Some regions of the molecule may have higher average disorder, and others lower average disorder. Typically, the ends of chains have higher average disorder, and hence their positions are less certain than are residues in the core of a tightly packed domain, where disorder is less. The disorder for each atom is quantitated in its temperature value.
Visualizing relative disorder or uncertainty in atomic positions is done by coloring by temperature value. Atoms with low temperature values are colored blue, while atoms with high temperature values are colored red.

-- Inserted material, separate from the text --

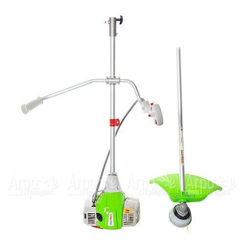 Характеристики товара: Бензокоса (бензиновый триммер) RedVerg RD-GB243SПодробное описание товараБензокоса RedVerg RD-GB243S – незаменимый помощник для обработки садового и газонного участка. Благодаря возможности применения в качестве режущего полотна трехлопастного диска или лески можно выполнять скашивание молодой травы, небольших кустарников и сучьев деревьев. Система облегченного запуска Easy Start позволяет быстро начать эксплуатацию после продолжительного простоя на морозе. Благодаря наличию ранцевой оснастки нагрузка равномерно распределяется на руки и спину оператора. Для удобной транспортировки в багажнике легкового автомобиля и хранения в небольшом помещении агрегат оборудован складной рукояткой. Все основные органы управления расположены на рукоятке. Защитный кожух предотвращает попадание грязи и дробленой травы, а также других мелких частиц садового мусора на оператора. |
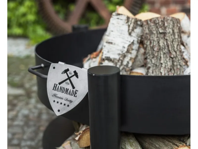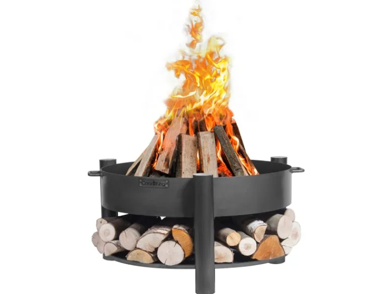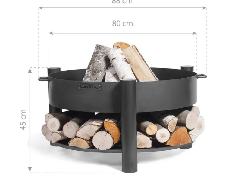 Die Feuerschale verfügt über ein minimalistisches Design und wird von drei stabilen Beinen getragen, die für eine kippsichere Standfestigkeit sorgen. Ein besonderes Merkmal dieser Feuerschale ist das integrierte Regal für Holz unterhalb der Feuerstelle, das das Holz griffbereit lagert und gleichzeitig durch die Wärme der Feuerschale trocknet.

Often the very ends of chains, or surface loops, may be so disordered as to prevent assigning any atomic positions at all, leading to missing residues. FirstGlance in Jmol (linked beneath the molecule on every PDB code-titled page in Proteopedia) has a Gaps button that explains how to detect and visualize missing residues.
In the PDB file format, each atom is given not only X, Y, and Z Cartesian coordinates, but two additional values immediately following called occupancy and temperature value (also known as the isotropic B value). If the end of a chain adopts either of two stable positions with equal probability, each position has 50% occupancy. The temperature factor is provided to quantitate the level of thermal motion. However, these two components of disorder cannot be distinguished with crystal diffraction data alone. Therefore, the occupancy is often given as 1.0 (100%), while the degree of "blur" in the electron density map, representing both components of disorder, is reported in the temperature value field. These values are mapped to colors when a crystallographic result is colored by temperature.
NMR models provide no information in the temperature value fields of PDB files. Rather, the variation between the models gives some indication of uncertainty or flexibility.